It was because of the four big changes that I made in my life:

  1. I decided to be my true self, no matter what. My voice is my voice. My thoughts are my thoughts.
  2. I stopped caring about the things that tradition wants me to care about (money, materials, status).
  3. I started ignoring people who weren’t in line with my visions, and befriending people who were.
  4. I created habits to strengthen my mind and keep myself from making weak decisions (which I learned from the new friends I sought out).

You see, when you surround yourself with people who are working toward a common goal, everyone benefits from all success that is shared individually within the group. Everything is applicable to all participants, at all times.

Now, let me be extremely direct.

If you want to create the life you love, stop letting your fears control your mind. Stop hanging out with ass-weenies who suck your good energy into black holes of wasted time, money, and momentary indulgences. Stop being the person that everyone else wants you to be, and start being the weird fucking lunatic you are behind closed doors. Be relentless in pursuing what you want, and quit caring about what everyone else thinks.

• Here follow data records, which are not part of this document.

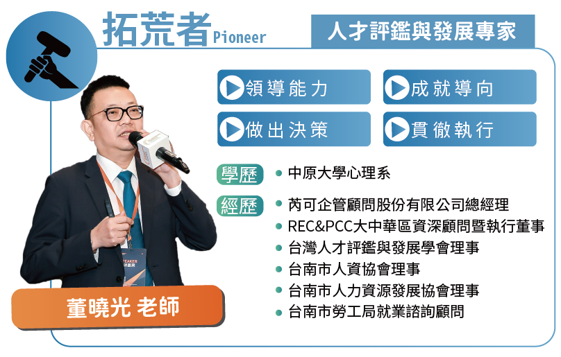 「人才評鑑與發展」整合職能模型、評鑑工具、培訓資源與發展機制,協助企業從選才、育才到用才,建構一條清晰且具策略性的發展路徑,讓人才成為組織永續前行的核心動能。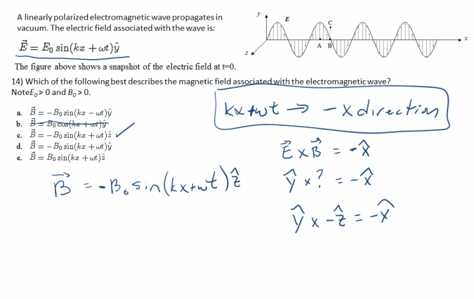 - Participants discuss the perpendicular relationship between the electric and magnetic fields and question how to choose the direction of the magnetic field. There is also exploration of the implications of the wave traveling in the -x direction and how this relates to the mathematical representation of the wave.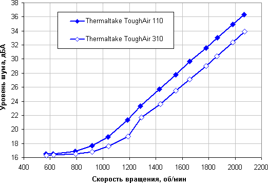 Зависит, конечно, от индивидуальных особенностей и других факторов, но в случае кулеров где-то от 40 дБА и выше шум с нашей точки зрения очень высокий для настольной системы, от 35 до 40 дБА уровень шума относится к разряду терпимых, ниже 35 дБА шум от системы охлаждения не будет сильно выделяться на фоне типичных небесшумных компонентов ПК — вентиляторов корпусных, на блоке питания, на видеокарте, а также жестких дисков, а где-то ниже 25 дБА кулер можно назвать условно бесшумным. Фоновый уровень был равен 16,2 дБА (условное значение, которое показывает шумомер). Оба кулера можно считать относительно тихими устройствами. Однако ToughAir 110 немного более шумный — возможно, это связано с особенностями выдува вниз.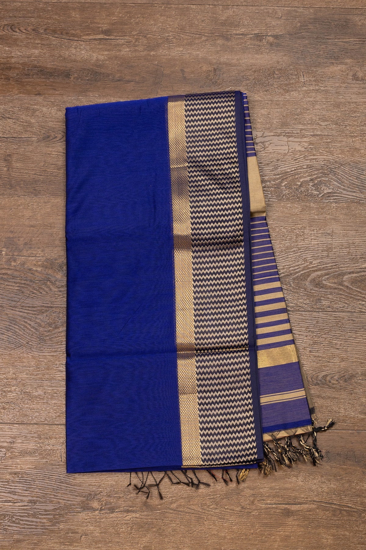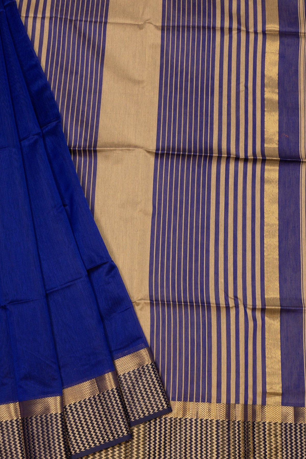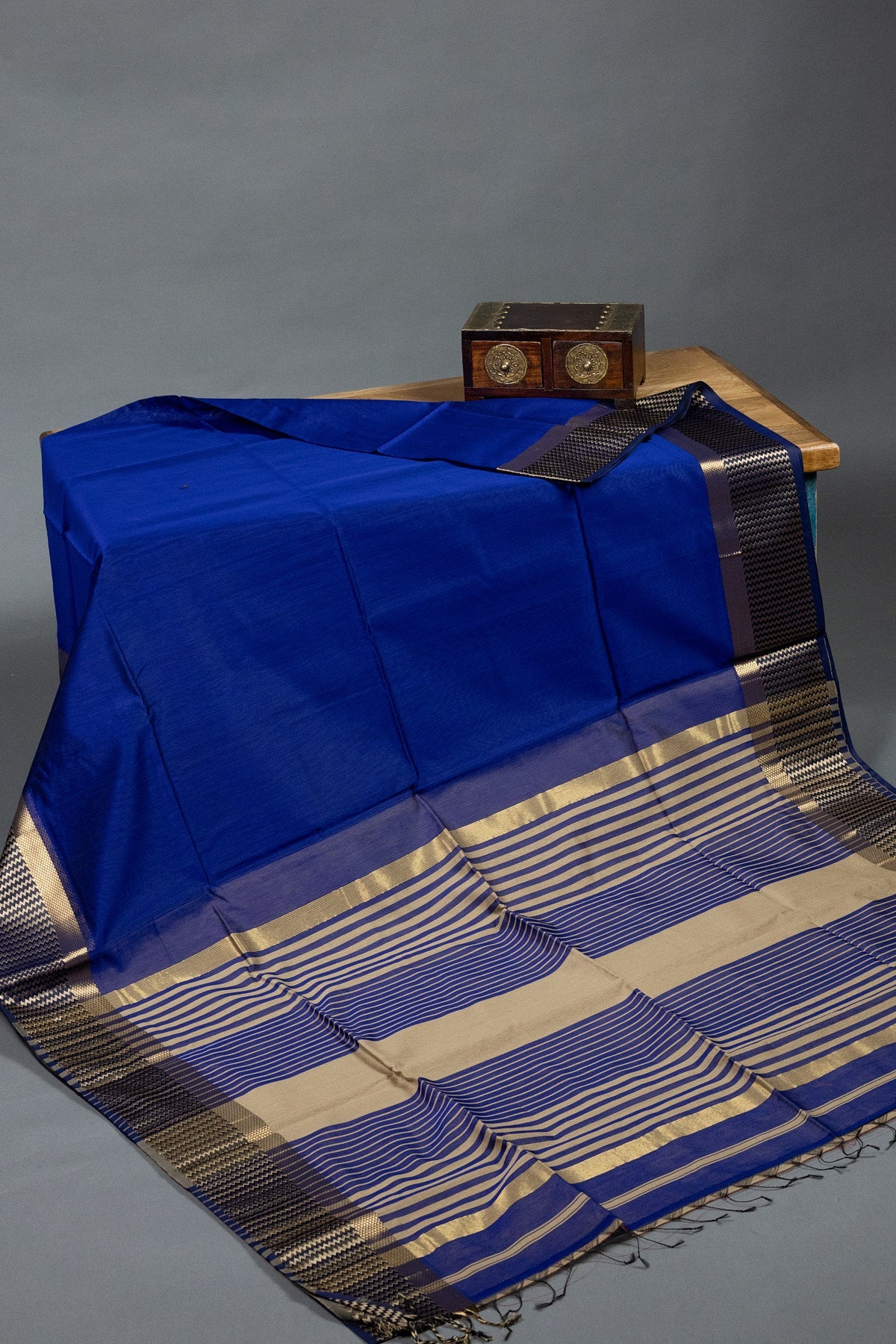 Dive into elegance with our royal blue Maheshwari silk-cotton saree. The deep hue exudes regality, while the contrasting pallu adds a dash of contemporary charm. Expertly handwoven, it's a symphony of tradition and style, perfect for moments you wish to stand out.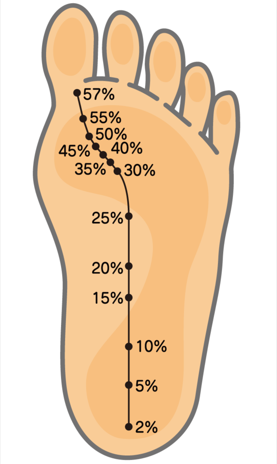 正しい歩行におけるCOPの軌跡は、踵部中央から始まり、足底中央よりやや外側を通りながら前方移動し、ここから内側に移動して母指に達するパターンを示します。

We all have a creative maniac inside of us. You know exactly what I’m talking about. That enlightened person you are in the shower when nobody else is in the house. The person you are around your closest friends from childhood whom you trust more than anyone else in the world. The person you are when you are creating with passion, without any external motive. The person you are when you rip a nasty fart in public and giggle quietly to yourself as others around you freak out. The person you are when you cry yourself to sleep because you can’t handle the misery of your current situation. Don’t be ashamed of that person, because that’s the person who understands the importance of attacking your dreams. It’s the real you.

Be that person, and leave the other behind.

You cannot become one love with your life until you truly love yourself AND your life. This all starts with being confident and proud of who you really are. You must open up. The world needs your weird.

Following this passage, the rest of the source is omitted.